Clarke recoiled at the notion of opening negotiations with Tehran. McDermott felt the same. They all did.
“Mr. President, there’s another matter I need to bring up in this context,” said the CIA director.
“What’s that?”
“Sir, we’ve learned that Iran’s Supreme Leader, Ayatollah Hossein Ansari, has passed away from cancer.”
“What, just now?” Clarke asked.
“Within the last two hours,” Stephens said. “The news hasn’t been made public, but on my drive here from Langley, I took a call from Prince Abdullah bin Rashid.”
“The Saudi spy chief.”
“Yes, sir. The prince says they have two high-level sources deep inside Tehran, and both—independently of each other—have reported that the Supreme Leader has died and that the regime is preparing to make an announcement tonight.”
“This isn’t really unexpected, right?” the president asked. “I mean, you’ve been telling us for more than a year, Richard, that the guy was suffering from cancer . . . uh . . .”
“Pancreatic.”
“. . . right, and that it was only a matter of time.”
“True enough.”
“Any reason to believe someone pushed him over the edge?” McDermott asked.
Clarke raised an eyebrow. “Foul play?”
“Is it possible?” McDermott prompted. “We’d heard repeatedly that he had no more than a few months to live. What if someone got tired of waiting?”
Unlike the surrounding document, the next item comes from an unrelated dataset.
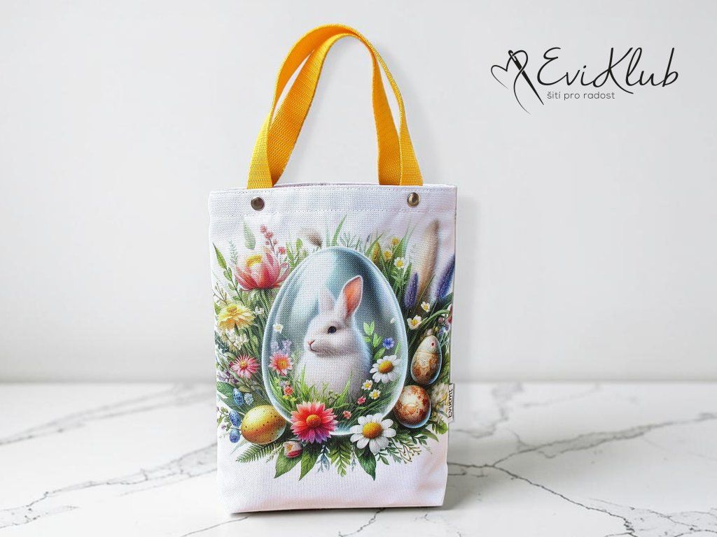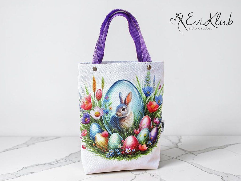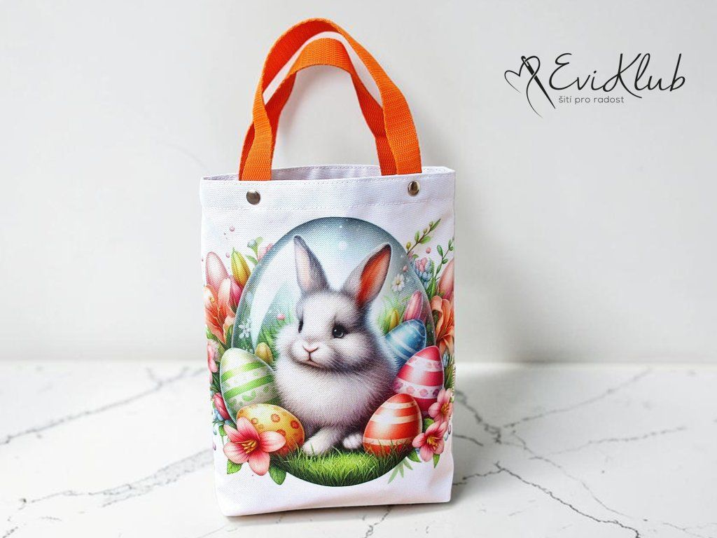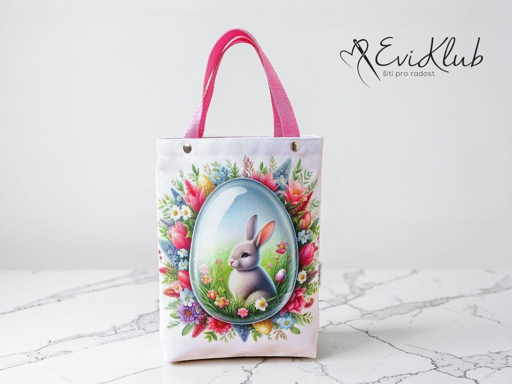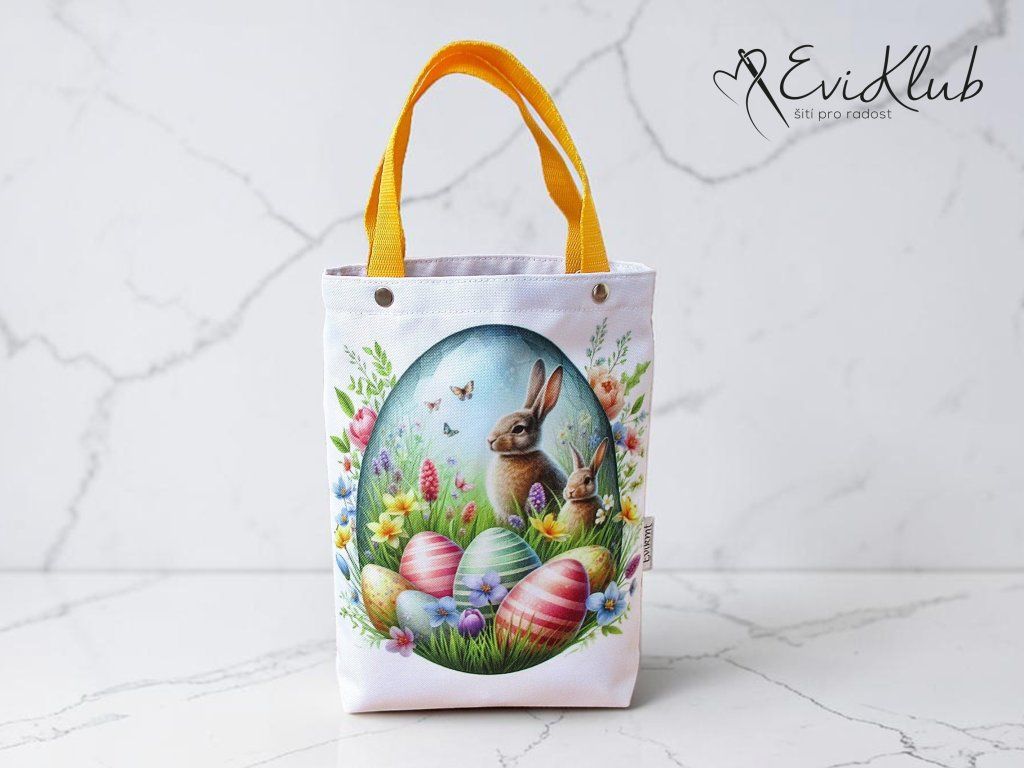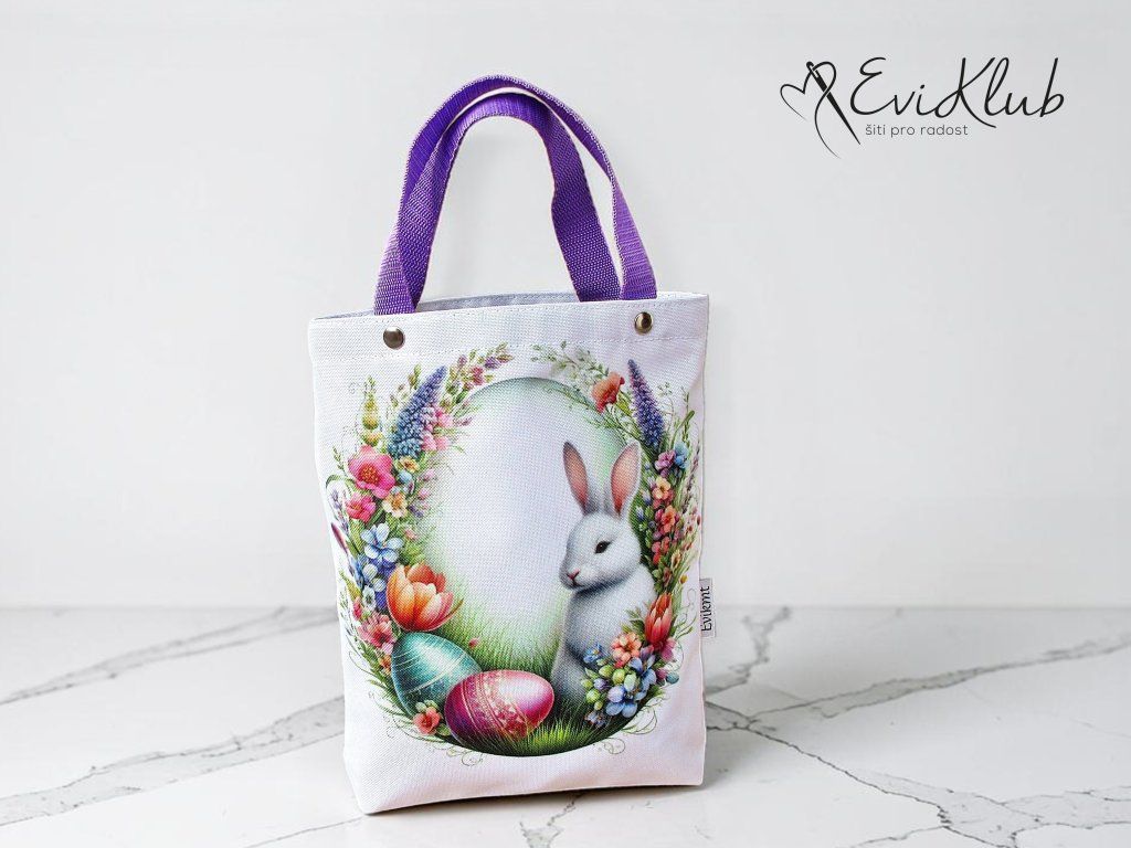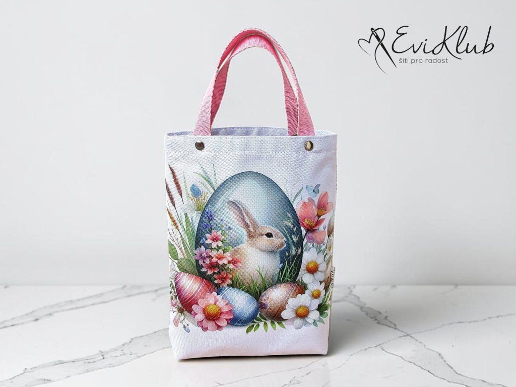 Menší obrázková dárková taška s odšitým dnem, vypodšívkovaná tak, aby se vnitřní materiál nevytahoval ven. Nikde není vidět žádný šev, v horním kraji jsou všitá ucha z úzkého popruhu a zafixovaná nýtkem, takže drží opravdu pevně a "unesou slona".

“I’ll have my guys watch closely and ask the Saudis to as well,” said Stephens. “But there’s something else.”
“What is it?”
“In the last hour, NSA has intercepted a number of messages going back and forth between Hezbollah’s senior leadership and the IRGC. Apparently the Iranians are furious that Hezbollah is provoking a new war with the Israelis when all of Tehran is about to be consumed with a state funeral and the need to choose a successor. The Hezbollah guys, however—the ones close to the Sheikh—are pushing back. They’re saying they had nothing to do with this and are trying to figure out how this thing erupted. What’s even more strange is that the Israelis say they’re also picking up chatter from Hezbollah field units suggesting a high degree of internal chaos. Nobody seems to know exactly how this thing got started, who ordered it, or why.”
“I don’t buy it,” McDermott said.
General Meyers shook his head. “Neither do I. Sounds to me like a disinformation campaign. Far more likely, the Iranian Revolutionary Guard Corps secretly ordered Hezbollah to open up the Israeli front to distract from the death of the ayatollah.”
“I agree,” the president said. “This whole thing has Tehran written all over it.”